2024 AMC 10A Problems/Problem 19

The following problem is from both the 2024 AMC 10A #19 and 2024 AMC 12A #12, so both problems redirect to this page.

Problem

The first three terms of a geometric sequence are the integers $a,\,720,$ and $b,$ where $a<720<b.$ What is the sum of the digits of the least possible value of $b?$

$\textbf{(A) } 9 \qquad \textbf{(B) } 12 \qquad \textbf{(C) } 16 \qquad \textbf{(D) } 18 \qquad \textbf{(E) } 21$

Video Solution 1 by SF

https://www.youtube.com/watch?v=JoF4-fo7W1w&pp=ygULYW1jIDEwIDIwMjQ%3D

Solution 1

For a geometric sequence, we have $ab=720^2=2^8 3^4 5^2$ , and we can test values for $b$ . We find that $b=768$ and $a=675$ works, and we can test multiples of $5$ in between the two values. Finding that none of the multiples of 5 divide $720^2$ besides $720$ itself, we know that the answer is $7+6+8=\boxed{\textbf{(E) } 21}$ .

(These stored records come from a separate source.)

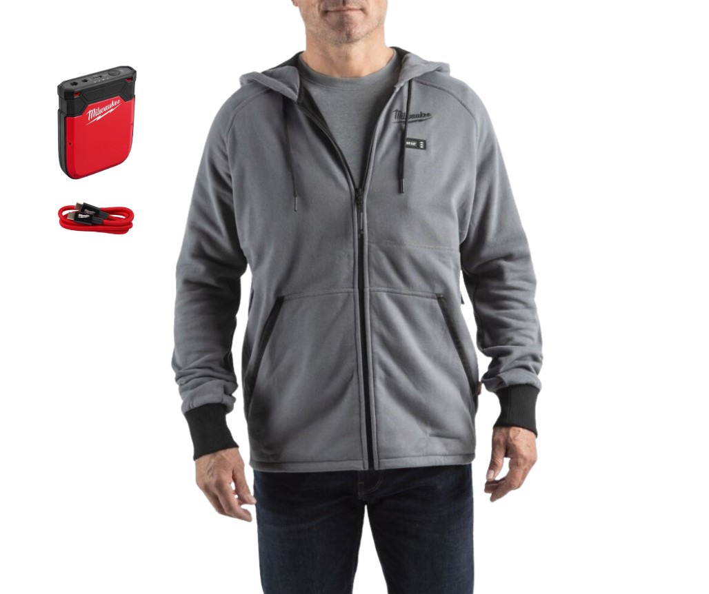 MILWAUKEE MĘSKA SZARA BLUZA PODGRZEWANA KAPTUR M12 HHGREY4 + IRPSU3 PŁASKI AKUMULATOR wyprzedaż
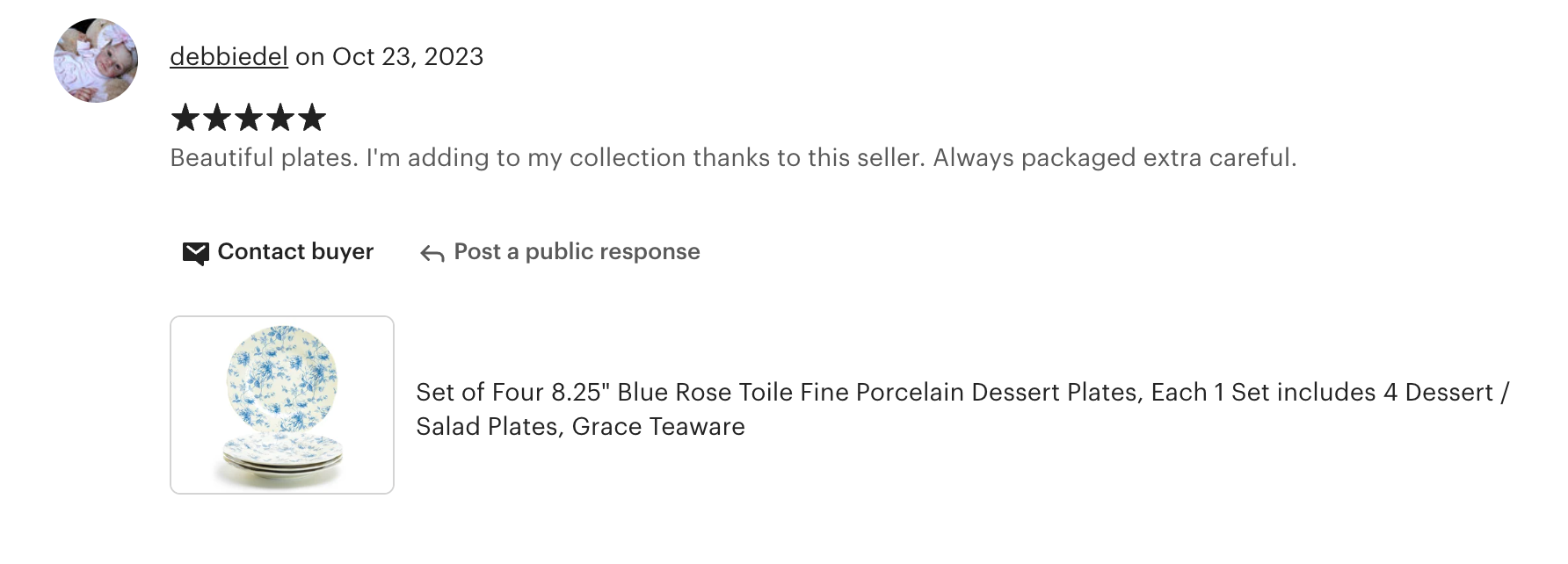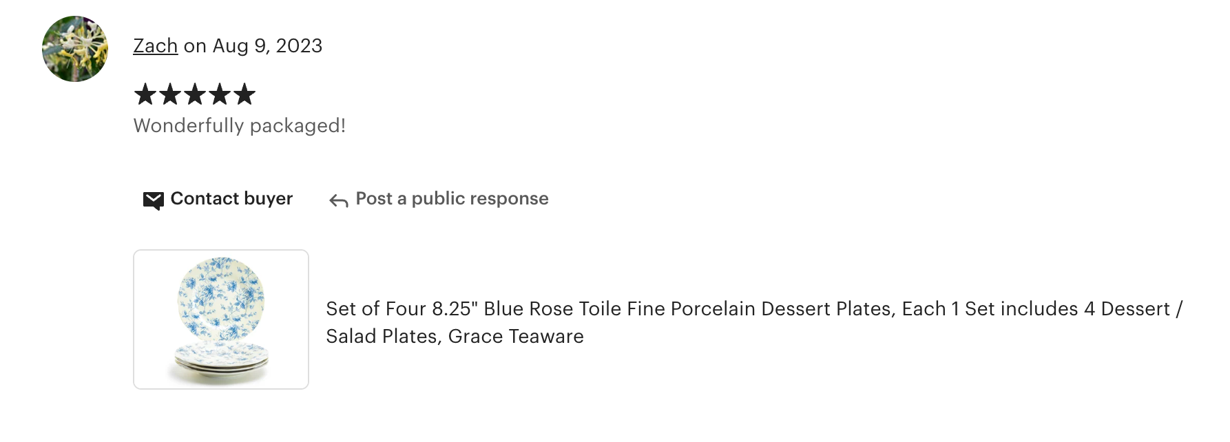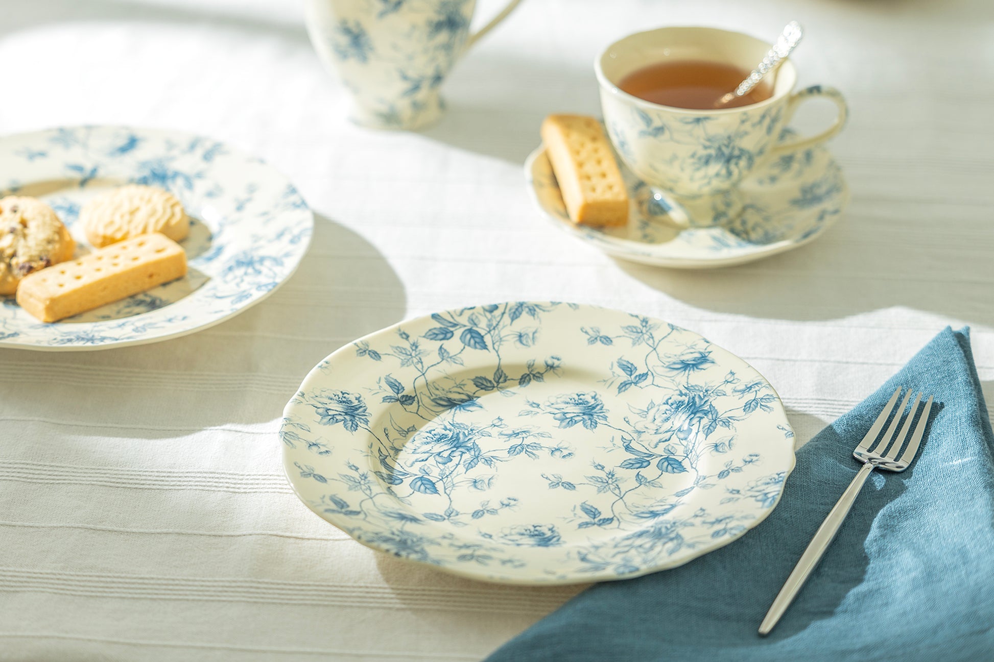 8.25" Blue Rose Toile Fine Porcelain Dessert Plate
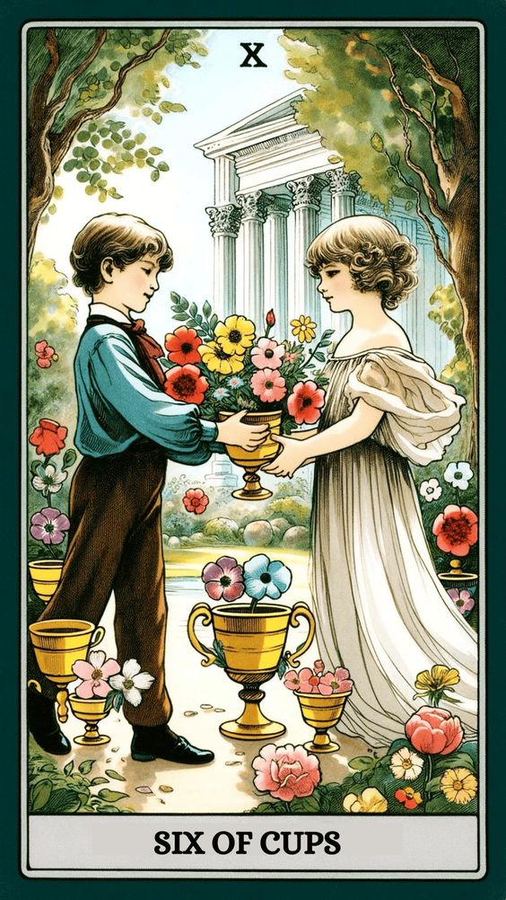 La nostalgia, la inocencia y la generosidad están encarnadas en el seis de copas. Significa revisar el pasado, los recuerdos de la infancia y ofrecer o recibir apoyo emocional y bondad.
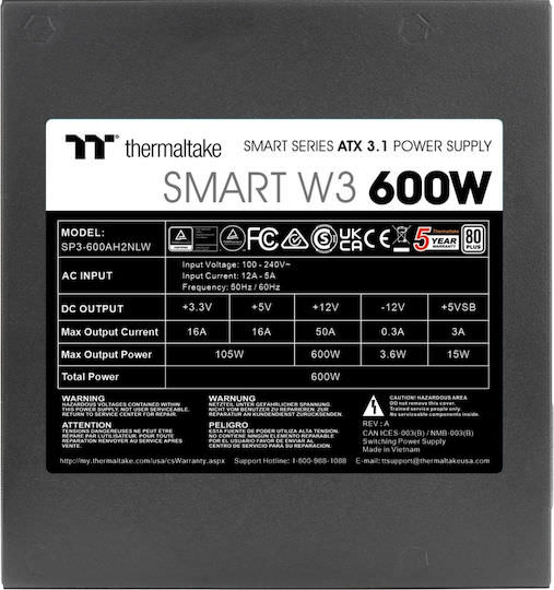 Thermaltake Smart W3 600W Μαύρο Τροφοδοτικό Υπολογιστή Full Wired 80 Plus Standard
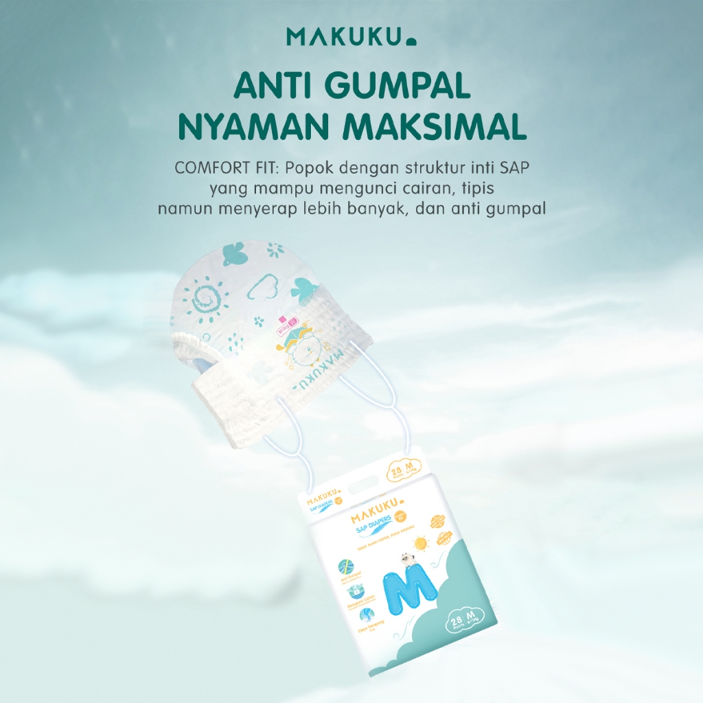 1 PACK MAKUKU SAP Diapers Comfort Fit PantsTape NBSMLXlXXL Popok Bayi Tipis Extra Dry Anti Gumpal Mengunci Cairan Cepat Kering Type CelanaPerekat
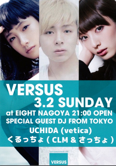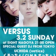 原宿にある美容院「vetica」のクリエイティブディレクターとして幅広く活躍中の“UCHIDA”氏がスペシャルゲストDJとして名古屋(eight nagoya)へやってくる。さらに、モデル活動を中心に女優、MCとしても活動する“CLM(中田クルミ)”、同じくモデル活動を中心にアパレルとコラボアイテムを開発するなど幅広く活躍中の“さっちょ(佐藤さき)”を迎えてのスペシャルナイト。 迫ってきた「VERSUS」に乞うご期待!
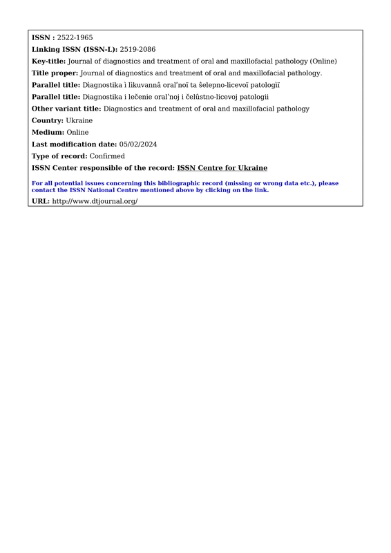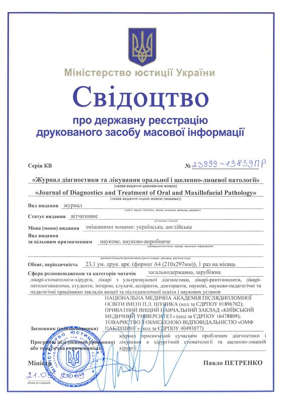 Zhurnal diаhnostyky ta likuvаnnia orаlnoi i shchelepno-lytsevoi pаtolohii

(Note: To find the value of $b$ without bashing, we can observe that $2^8=256$ , and that multiplying it by $3$ gives us $768$ , which is really close to $720$ . ~ YTH)

Note: The reason why $ab=720^2$ is because $b/720 = 720/a$ . Rearranging this gives $ab = 720^2$

~eevee9406

Solution 2

We have $720 = 2^4 \cdot 3^2 \cdot 5$ . We want to find factors $x$ and $y$ where $y>x$ such that $\frac{y}{x}$ is minimized, as $720 \cdot \frac{y}{x}$ will then be the least possible value of $b$ . After experimenting, we see this is achieved when $y=16$ and $x=15$ , which means our value of $b$ is $720 \cdot \frac{16}{15} = 768$ , so our sum is $7+6+8=\boxed{\textbf{(E) } 21}$ .

~i_am_suk_at_math_2

Solution 3 (Similar to previous solutions)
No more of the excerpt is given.